Electric Boat welding humidity specification violation
Appears in 2 lectures.
Appearances across the corpus
Newport News bay-doors-closed humidity practice. Navy spec prohibits welding above 80% humidity; shipyards keep doors closed even in temperate weather to control atmospheric moisture exposure.
When you're welding — you're never supposed to weld in a shipyard, part of the Navy spec, if you're above eighty percent humidity. Were you ever in Newport News? How many days did you shut down operations of welding because you were over eighty percent humidity? That proves that they never get above eighty percent humidity in Newport News, right? They have the bay doors over there — in the wintertime, of course, all closed, it's freezing cold outside, and they have a nice comfortable 70 degrees inside, and they have all the doors closed. Why would they open them? They don't want the atmospheric interference happening with what they're doing.

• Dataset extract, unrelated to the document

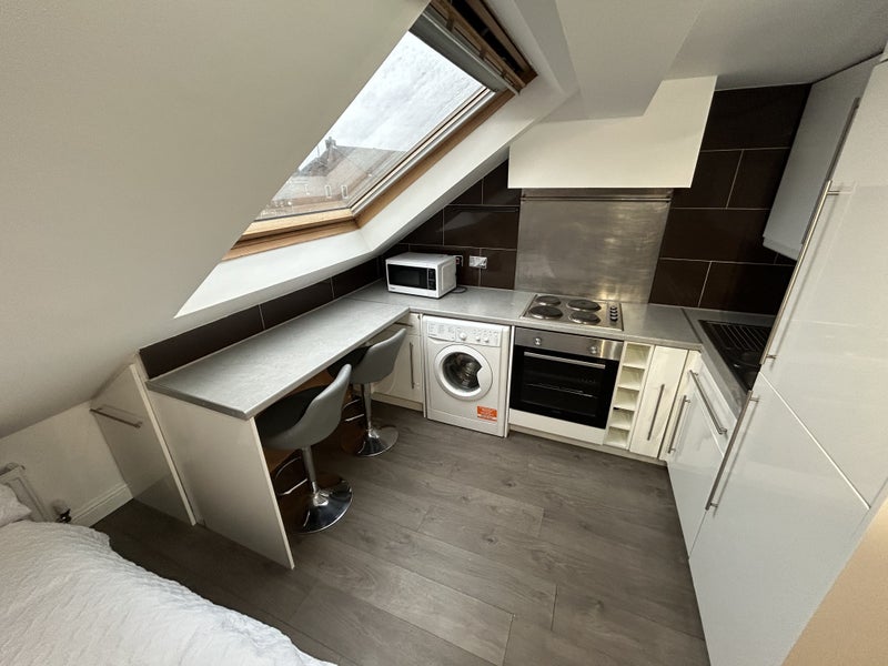 Spacious studio flat with an ensuite and kitchen, recently redecorated.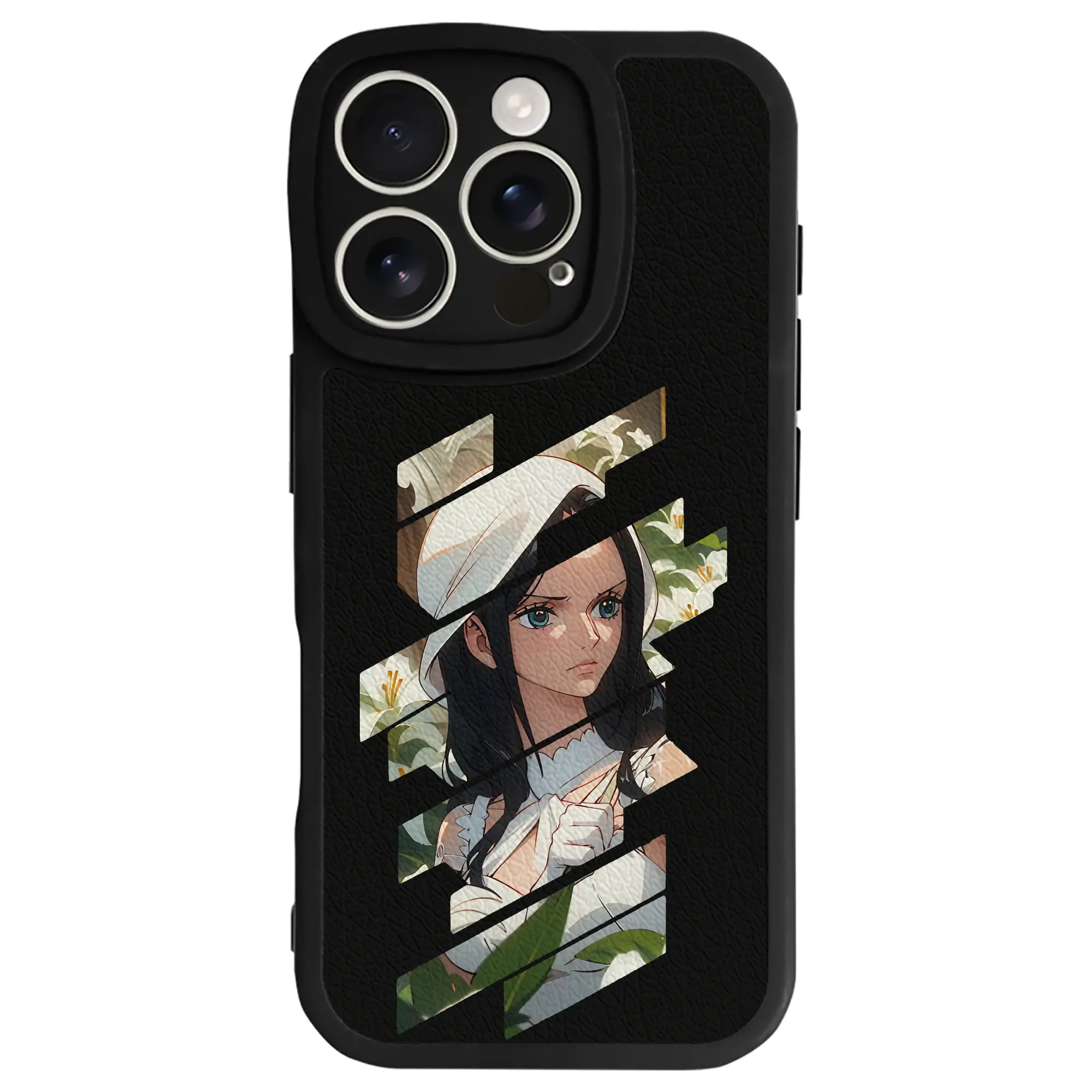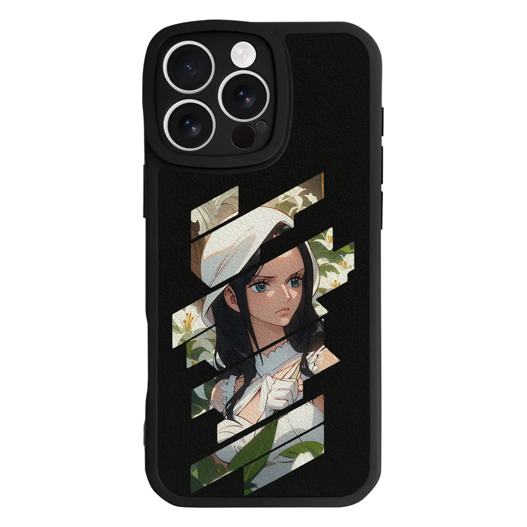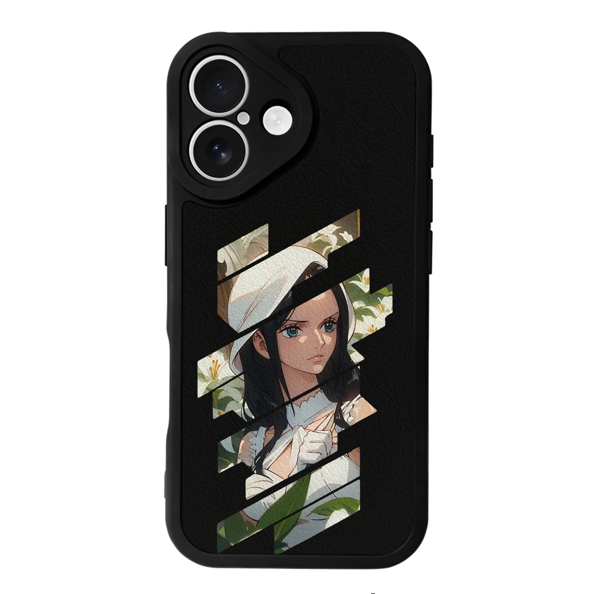 ワンピース グッズ ニコ・ロビン - IPhone 16シリーズ対応 ・ シリコンスマホケース ・ レザー調 ・ 高精度フィット ・ 耐衝撃 ・ ワイヤレス充電対応 ・ 精密カット

One good example of dissolved gases is aluminum alloys and hydrogen. Hydrogen is everywhere. We call it water. There's humidity in the air. If you go down to Electric Boat, you want to keep hydrogen out of your steel welds. NAVSEA has a spec that you cannot weld on days that have more than a certain percent humidity. I don't remember the numbers — they're probably classified anyway. A certain level of humidity and a certain temperature in the air tells you how much moisture is in the air. If you're doing stick-electrode welding, you're going to pick up some of that air, get hydrogen into the steel, and you can get cracking.